В 1949 году художник изменил свою фамилию на «Хундертвассер» («хундерт» в немецком языке означает «сто, сотня») и стал художником. Номадическая натура гнала его исследовать мир. В 1949 году в итальянской Флоренции он познакомился с французским художником Рене Бро, ставшим позже лучшим другом и соратником. Они много заимствовали друг у друга. Фридриху приглянулись миндалевидные глаза жены Рене, которые он постоянно рисовал, а Бро позаимствовал у него фирменные «круглые деревья». В совместном портфолио у них – муралы и замечательный проект MIRACULOUS DRAUGHT. И хотя карьера Хундертвассера резко рванула вперед, это на их дружбу не повлияло. До самой смерти Рене Бро в 1986 году они вместе путешествовали – в Индию, Непал, Новую Зеландию.
THE MIRACULOUS DRAUGHT / Чудесная рыбалка St. Mandé / Seine, июнь 1950. 275 x 500 см.
Рисунок – Р. Бро, краски – Ф. Хундертвассер. Хранится в KunstHausWien, Вена
В Париже Фридрих тоже поступал в школу искусств, но пробыл там только один день. Здесь же в Galerie Librairie Palmes он выставил свои первые картины. Прожив несколько лет в Париже, вернулся в Вену и в 1952 году организовал персональную выставку в Арт-клубе. Его критиковали за декоративность, называли «декадентом», но он очень быстро стал популярным и хорошо продаваемым.
Имя «Фридрих» он изменил на «Фриденсрайх» (Королевство мира) во время поездки в Японию в 1961 году, после того, как японский искусствовед Шиничи Сегуи (автор рецензии на первую выставку Хундертвассера в Японии) и Ив Кляйн показали его работы владельцу токийской галереи Ямамото. Тот был впечатлен и пригласил художника в Японию. Все картины были распроданы.

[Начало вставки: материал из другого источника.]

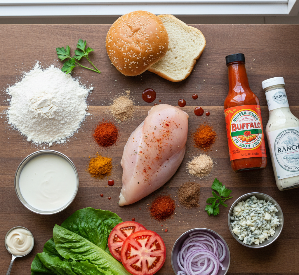 To make this delicious Buffalo Chicken Sandwich, you’ll need: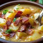 Ladle the hot soup into bowls. Top generously with crispy bacon, shredded cheddar cheese, and a sprinkle of fresh chives or green onions. Serve immediately and enjoy!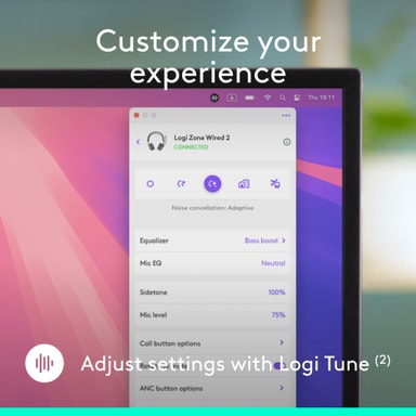 Logitech Zone Wired 2 bruger Logi Tune-appen til at give dig fuld kontrol over din lydoplevelse. Du kan finjustere 5-bånds equalizeren, justere sidetone for at høre din egen stemme og skifte mellem Adaptive ANC-tilstande, så de passer til dit hjemmemiljø.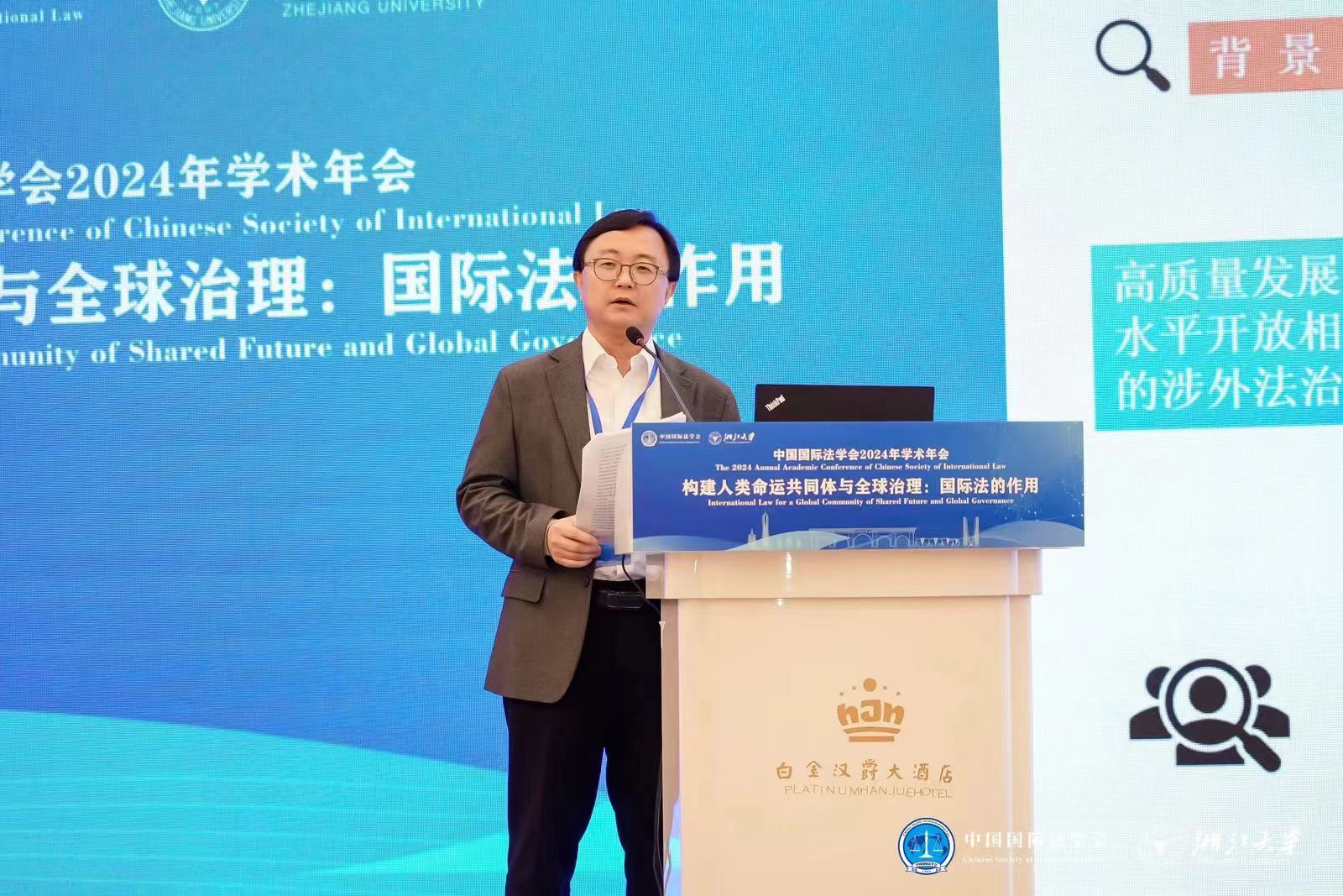 本次大会由中国国际法学会、浙江大学主办,浙江大学光华伟德体育承办。浙江大学董事长杜江峰、外交部部长助理苗得雨、司法部副部长赵昌华、中国国际法学会会长黄进先后在开幕式中致辞。外交部条法司司长、商务部条法司副司长作大会报告。

В 1962 году художник основал студию в Венеции напротив площади Сан-Марко и представлял Австрию на Венецианской биеннале. Культивируя жизнь номада, Хундертвассер купил старое деревянное парусное судно Giuseppe T, на борту которого он провел четыре года, болтаясь в венецианской лагуне. Позже он его переоборудовал и назвал Regentag, и на нем же отправился в Новую Зеландию, где окончательно осел в купленном поместье.
Путь «целителя»
Между 1950 и 1970 годами Хундертвассер создал около 700 картин. К моменту его смерти в феврале 2000 года его «каталог-резонер» включал 1003 работы. Снижение «живописной» продуктивности его биографы объясняют тем, что, начиная с конца 1960-х годов, Хундертвассер превращался из художника в утописта, мечтающего о рае на земле. Общим знаменателем этих двух жизненных историй была склонность к философии. Художник в нём размышлял о боге и мире, жизни и искусстве. Утопист пошел дальше и попытался воплотить свои идеи в реальность.
Хундертвассер все больше увлекался серьезной критикой функционализма в архитектуре. В 1959 году, будучи приглашенным лектором в Гамбурге, он прямо сказал, что сегодня «архитектура – это не искусство, а профессиональный заговор». Там же случилась первая серьезная акция «Бесконечная линия», пусть и с несколько провальным финалом.
Художник с двумя ассистентами в течение нескольких часов покрывал стену плавными линиями. Зрители, естественно, вскоре утомились однообразием зрелища и потихоньку разошлись. Когда работа затянулась на сутки, администрация тоже потеряла терпение и отключила свет, надеясь прекратить это бессмысленное с их точки зрения действо. В ход пошли свечи. Тогда последовал прямой запрет – и взбешенный художник, мечтавший соединить все эти линии в спираль (его любимый символ), отказался преподавать и уехал из Гамбурга.
Характерно, что из глубокого индивидуалиста Хундертвассер постепенно трансформировался в активиста, не чуравшегося коллективных практик. Он понял, что в одиночку ему весь этот мусор не разгрести – ускорить перемены возможно только посредством коллективных действий. Стратегия выживания одиночки разрослась до масштабов человечества. Так началась эра манифестов.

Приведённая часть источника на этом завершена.